By Jiachen Li[1,2], Ali Hassani[1]*, Steven Walton[1]*, and Humphrey Shi[1,2,3]

In association with SHI Lab @ University of Oregon[1] and University of Illinois Urbana-Champaign[2], and Picsart AI Research (PAIR)[3]

Comparison

Abstract

MLP-based architectures, which consist of a sequence of consecutive multi-layer perceptron blocks, have recently been found to reach comparable results to convolutional and transformer-based methods. However, most adopt spatial MLPs which take fixed dimension inputs, therefore making it difficult to apply them to downstream tasks, such as object detection and semantic segmentation. Moreover, single-stage designs further limit performance in other computer vision tasks and fully connected layers bear heavy computation. To tackle these problems, we propose ConvMLP: a hierarchical Convolutional MLP for visual recognition, which is a light-weight, stage-wise, co-design of convolution layers, and MLPs. In particular, ConvMLP-S achieves 76.8% top-1 accuracy on ImageNet-1k with 9M parameters and 2.4 GMACs (15% and 19% of MLP-Mixer-B/16, respectively). Experiments on object detection and semantic segmentation further show that visual representation learned by ConvMLP can be seamlessly transferred and achieve competitive results with fewer parameters.

Model

How to run

Getting Started

Our base model is in pure PyTorch and Torchvision. No extra packages are required. Please refer to PyTorch's Getting Started page for detailed instructions.

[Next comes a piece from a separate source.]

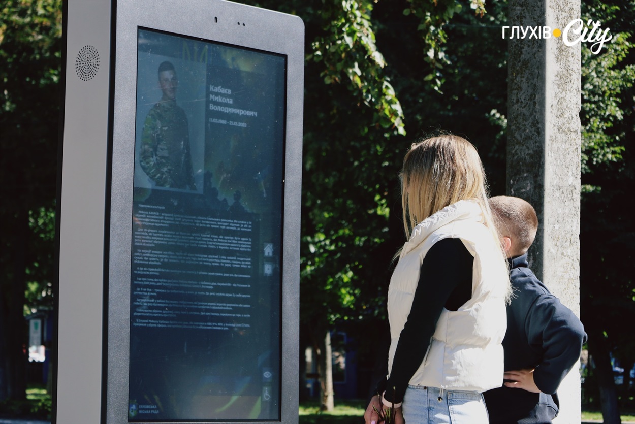 Поруч з алеєю з'явилася інтерактивна дошка. Це не просто екран, а своєрідний цифровий меморіал, де можна детальніше прочитати про кожного воїна, переглянути його фото та дізнатися про життєвий та бойовий шлях.

You can start off with src.convmlp, which contains the three variants: convmlp_s, convmlp_m, convmlp_l:

from src.convmlp import convmlp_l, convmlp_s

model = convmlp_l(pretrained=True, progress=True)
model_sm = convmlp_s(num_classes=10)

Image Classification

timm is recommended for image classification training and required for the training script provided in this repository:

./dist_classification.sh $NUM_GPUS -c $CONFIG_FILE /path/to/dataset

You can use our training configurations provided in configs/classification:

./dist_classification.sh 8 -c configs/classification/convmlp_s_imagenet.yml /path/to/ImageNet
./dist_classification.sh 8 -c configs/classification/convmlp_m_imagenet.yml /path/to/ImageNet
./dist_classification.sh 8 -c configs/classification/convmlp_l_imagenet.yml /path/to/ImageNet

Object Detection

mmdetection is recommended for object detection training and required for the training script provided in this repository:

./dist_detection.sh $CONFIG_FILE $NUM_GPUS /path/to/dataset

You can use our training configurations provided in configs/detection:

./dist_detection.sh configs/detection/retinanet_convmlp_s_fpn_1x_coco.py 8 /path/to/COCO
./dist_detection.sh configs/detection/retinanet_convmlp_m_fpn_1x_coco.py 8 /path/to/COCO
./dist_detection.sh configs/detection/retinanet_convmlp_l_fpn_1x_coco.py 8 /path/to/COCO

Object Detection & Instance Segmentation

mmdetection is recommended for training Mask R-CNN and required for the training script provided in this repository (same as above).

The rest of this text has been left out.